Rabu, 21 Januari 2009

High School and Youth Trends

Since 1975, the MTF has annually studied the extent of drug abuse among high school 12th graders. The survey was expanded in 1991 to include 8th and 10th graders. It is funded by NIDA and is conducted by the University of Michigan's Institute for Social Research. The goal of the survey is to collect data on past month, past year, and lifetime drug use among students in these grade levels. This, the 28th annual study, was conducted during spring 2002.

The 2002 MTF marks the sixth year in a row that illicit drug use among 8th, 10th, and 12th graders remained stable or decreased. In particular, the proportion of 8th and 10th graders reporting the use of any illicit drug in the prior 12 months declined significantly from 2001 to 2002. The decrease in illicit drug use among 8th graders continues a decline begun in 1997, but this is the first significant decline among 10th graders since 1998.

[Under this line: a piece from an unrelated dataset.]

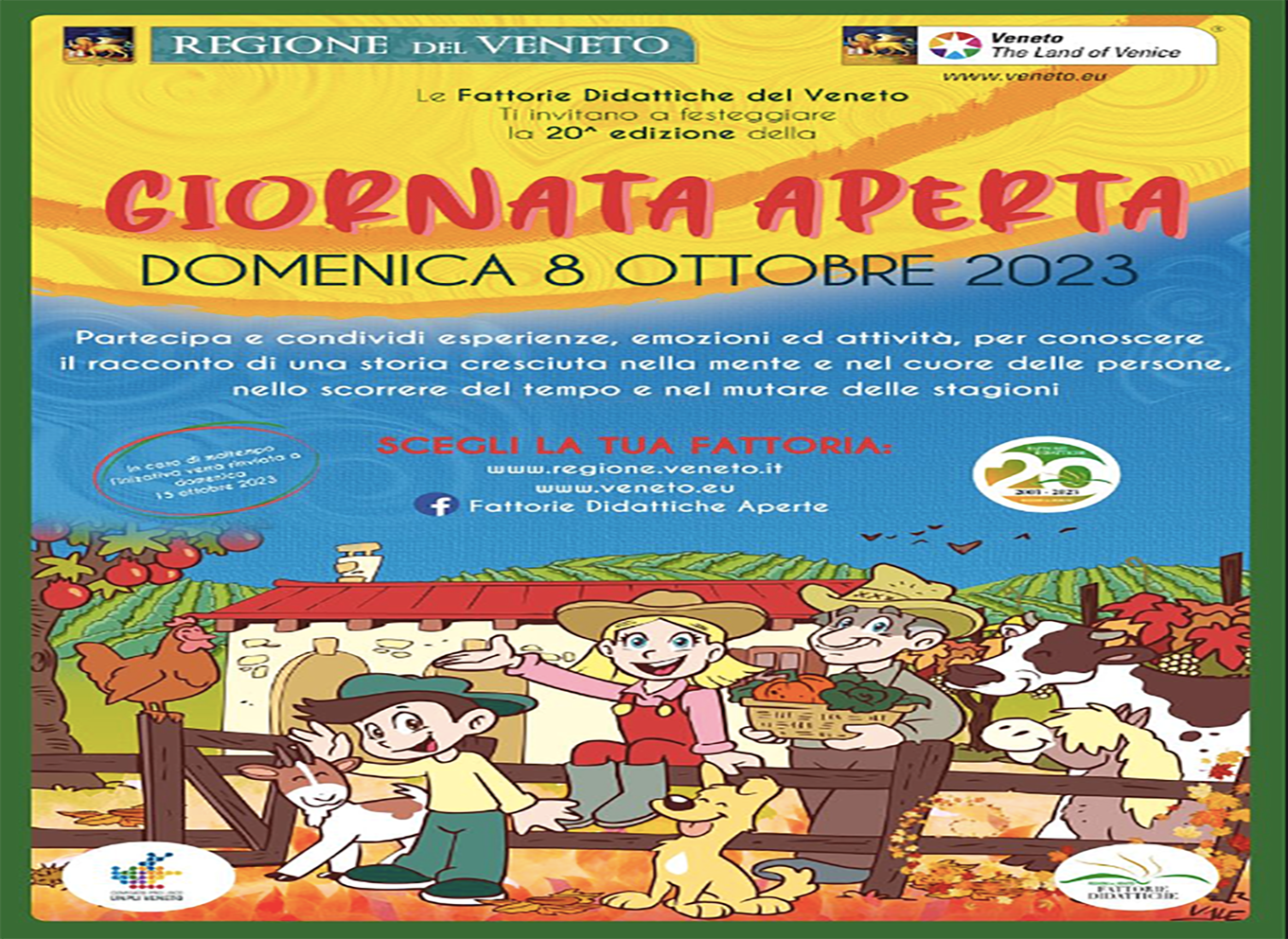 compie vent’anni l’edizione delle fattorie didattiche aperte di quest’anno, sottolinea un comunicato di coldiretti veneto, spiegando che “domenica 8 ottobre 2023 l’appuntamento con la campagna attraverso le forme educative legate al contatto con la natura si rinnova e sigla un patto tra apprendimento diretto e il mondo dell’agricoltura. organizzato dalla regione del veneto vede l’adesione di numerose aziende agricole di coldiretti iscritte all’elenco regionale. laboratori, giochi sull’aia, percorsi sensoriali e tanto altro nei programmi di ciascuna realta’: c’e’ solo l’imbarazzo della scelta, assicurano gli operatori agricoli che hanno intrapreso questo indirizzo per offrire ai cittadini l’opportunita’ di conoscere l’attivita’ rurale intesa nelle varie espressioni della multifunzionalita’”. per tutte le iniziative e’ obbligatoria l’iscrizione e l’elenco delle fattorie didattiche aperte sono pubblicate nel sito https://www.regione.veneto.it/web/turismo/giornata-aperta e nella pagina Facebook https://www.facebook.com/fattoriedidattichedelveneto/.

Specific decreases were noted in the use of marijuana, some club drugs, cigarettes, and alcohol. For example, marijuana use in the past year decreased significantly among 10th graders, reaching its lowest rate since 1995. Marijuana use by 8th graders also has declined in recent years and is now at its lowest level since 1994.

In addition, the 2002 survey found the use of MDMA (ecstasy) decreased in every category in all three grades. Significant decreases occurred in past year and past month categories for 10th graders.

Also, LSD use showed major changes from 2001 to 2002, with rates of use decreasing markedly across the board to the lowest rates of use in the history of the survey.

For alcohol, the use rates for 8th and 10th graders are at record lows in the history of the survey in those grades (since 1991).

Use of anabolic, androgenic steroids remained stable from 2001 to 2002 in each grade and category.

Use of amphetamines is down significantly for 8th graders in lifetime and past year categories from 2001 to 2002. Nonmedical use of methylphenidate (Ritalin®) was stable, with past year rates at 2.8 percent for 8th graders, 4.8 percent for 10th graders, and 4.0 percent of 12th graders in 2002.

For the first time, in 2002 the MTF survey looked at the misuse and/or nonmedical use of the prescription drugs Oxycontin ® and Vicodin. Nonmedical use of Oxycontin ® in the past year was reported by 4.0 percent of 12th graders, and Vicodin use in the same time period was reported by 9.6 percent of 12th graders.

The only significant increases in drug use in the 2002 were past year crack use by 10th graders, from 1.8 percent in 2001 to 2.3 percent in 2002, and past year sedative use by 12th graders, from 5.9 percent in 2001 to 7.0 percent in 2002.

Jumat, 09 Januari 2009

The Substance Abuse Costs to Society & Workplaces Are Huge

A new study of 1992 data estimates the economic costs to society of substance abuse at $246 billion for that year, and $276 billion projected for 1995. Alcohol-related lost productivity alone accounted for two-thirds of the total alcohol cost. Drug related crime accounted for over half of the total drug costs.1 Workplaces take the brunt in lost/poor performance, accidents, and crime.

Alcoholism alone accounts for 500 million lost workdays each year. Casual drinkers, in aggregate, account for far more incidents of absenteeism, tardiness, and poor quality of work than those regarded as alcohol dependent. Between 20 and 40 percent of all general hospital patients are admitted for complications related to alcoholism and other forms of substance abuse.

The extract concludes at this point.